DATASET EXTRACT

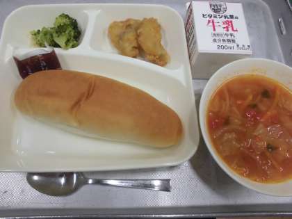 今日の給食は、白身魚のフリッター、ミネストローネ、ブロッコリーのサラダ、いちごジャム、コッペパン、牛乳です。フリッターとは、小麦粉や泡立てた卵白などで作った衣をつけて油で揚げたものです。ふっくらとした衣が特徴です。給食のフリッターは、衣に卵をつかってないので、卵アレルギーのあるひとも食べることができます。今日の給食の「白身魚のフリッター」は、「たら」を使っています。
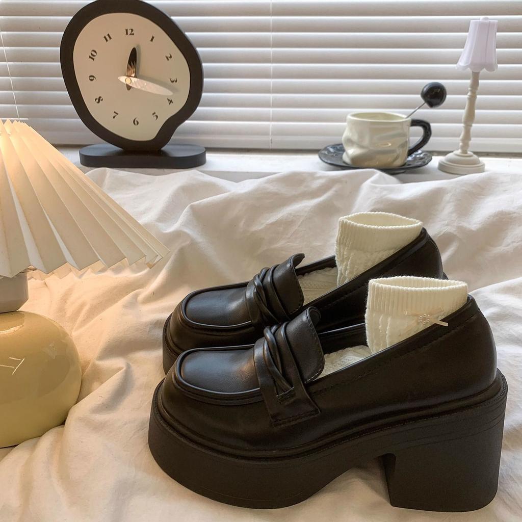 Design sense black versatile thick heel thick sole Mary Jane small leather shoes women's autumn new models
---
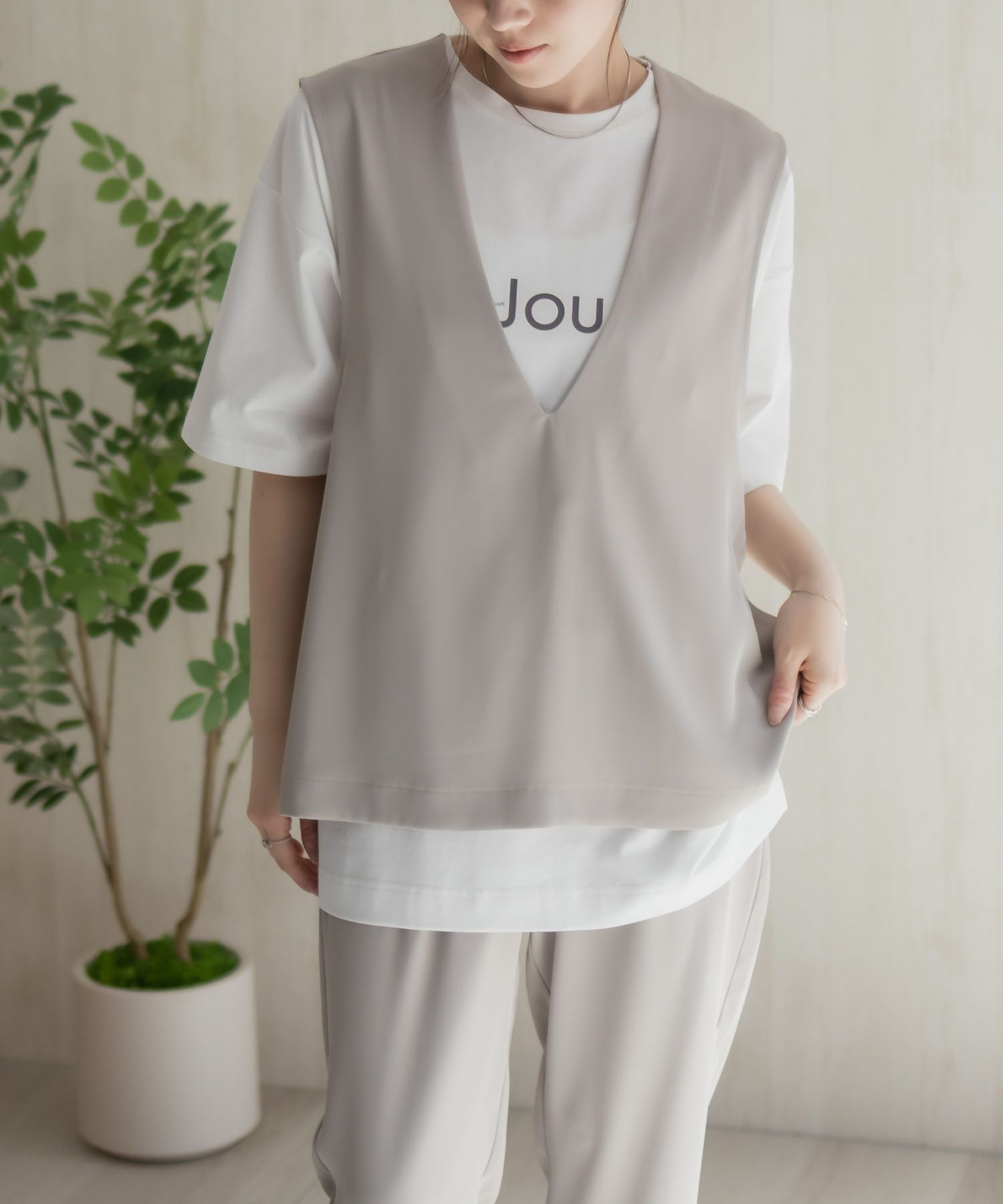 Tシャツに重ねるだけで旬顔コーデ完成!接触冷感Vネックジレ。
--
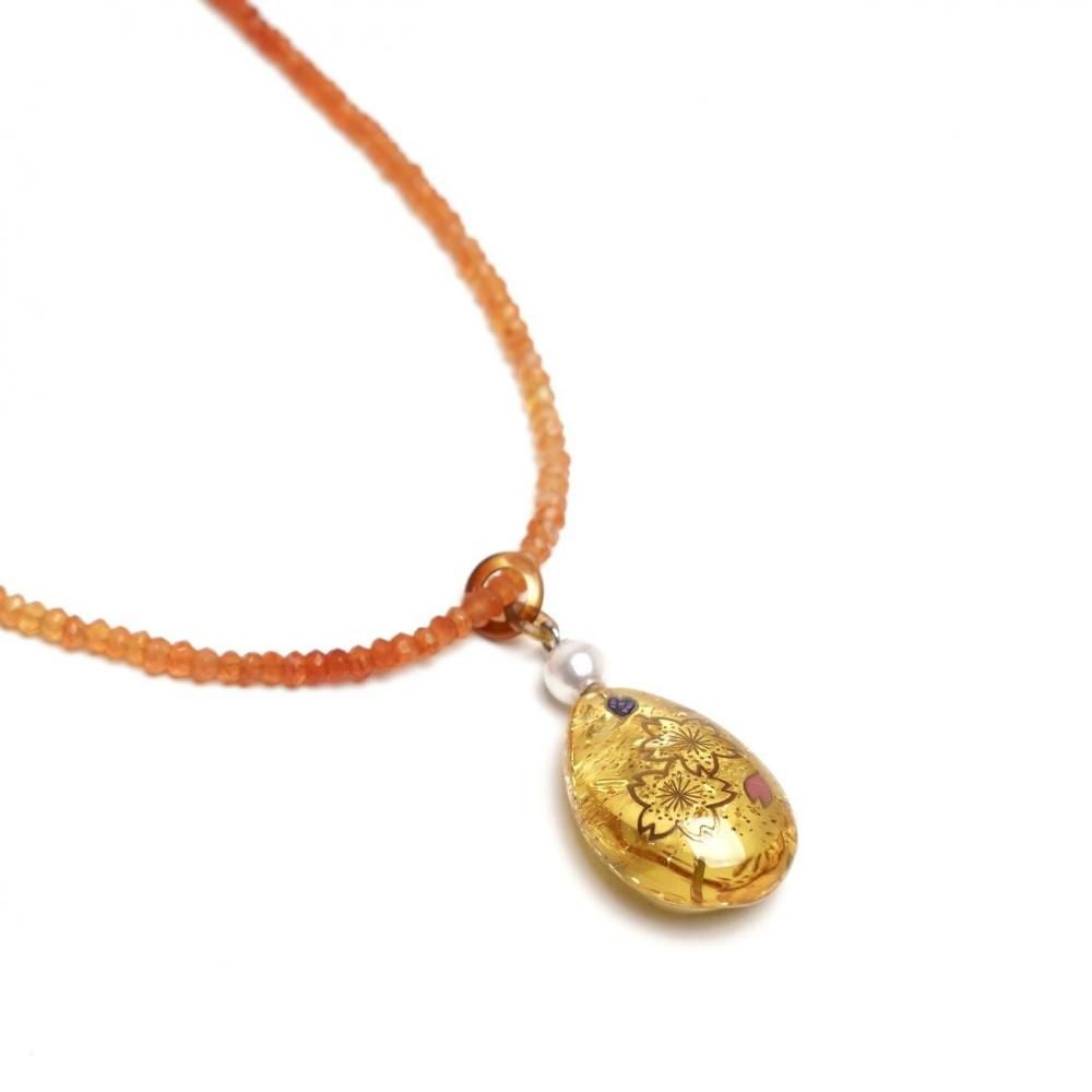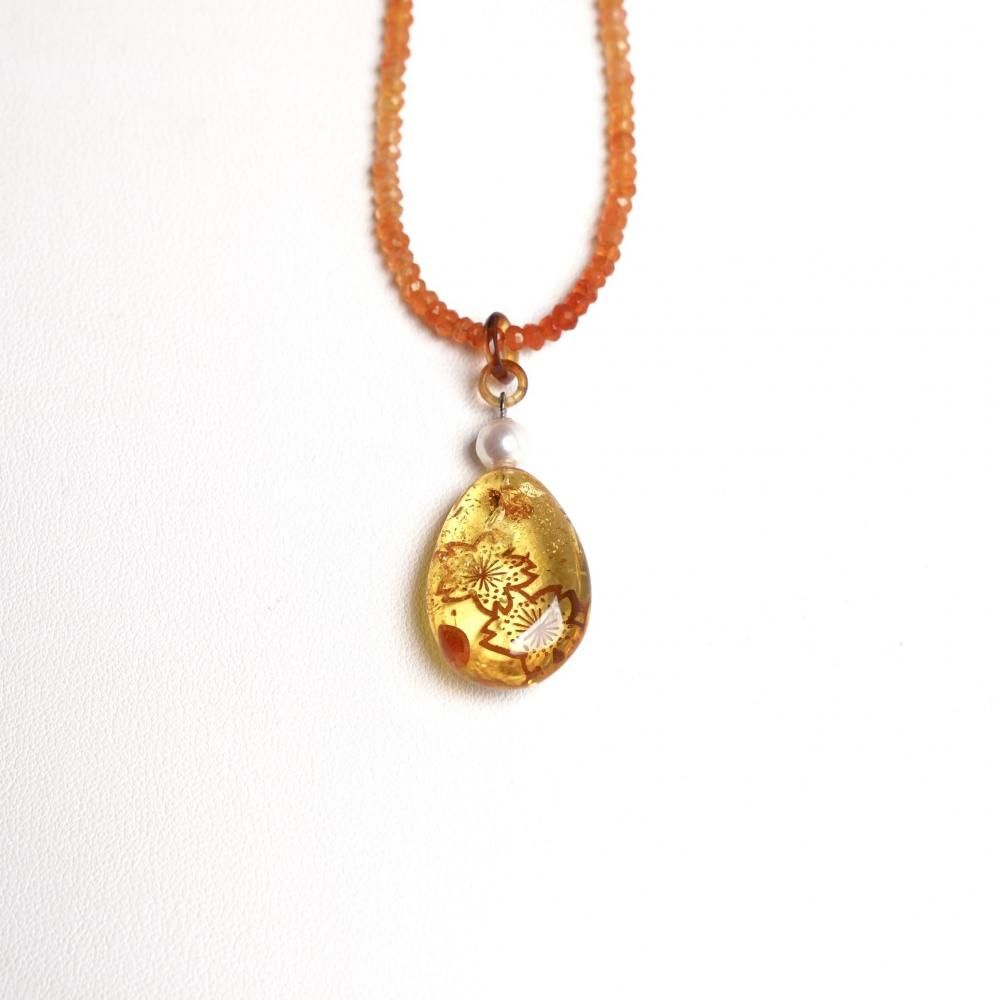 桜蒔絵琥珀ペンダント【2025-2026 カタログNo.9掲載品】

TRY IT
Leaving all pictures out, output exactly the lines of the material above from the line with "今日の給食は、白身魚のフリッ" to the line with "Design sense black", both included.

ANSWER FOR THE TASK
 今日の給食は、白身魚のフリッター、ミネストローネ、ブロッコリーのサラダ、いちごジャム、コッペパン、牛乳です。フリッターとは、小麦粉や泡立てた卵白などで作った衣をつけて油で揚げたものです。ふっくらとした衣が特徴です。給食のフリッターは、衣に卵をつかってないので、卵アレルギーのあるひとも食べることができます。今日の給食の「白身魚のフリッター」は、「たら」を使っています。
 Design sense black versatile thick heel thick sole Mary Jane small leather shoes women's autumn new models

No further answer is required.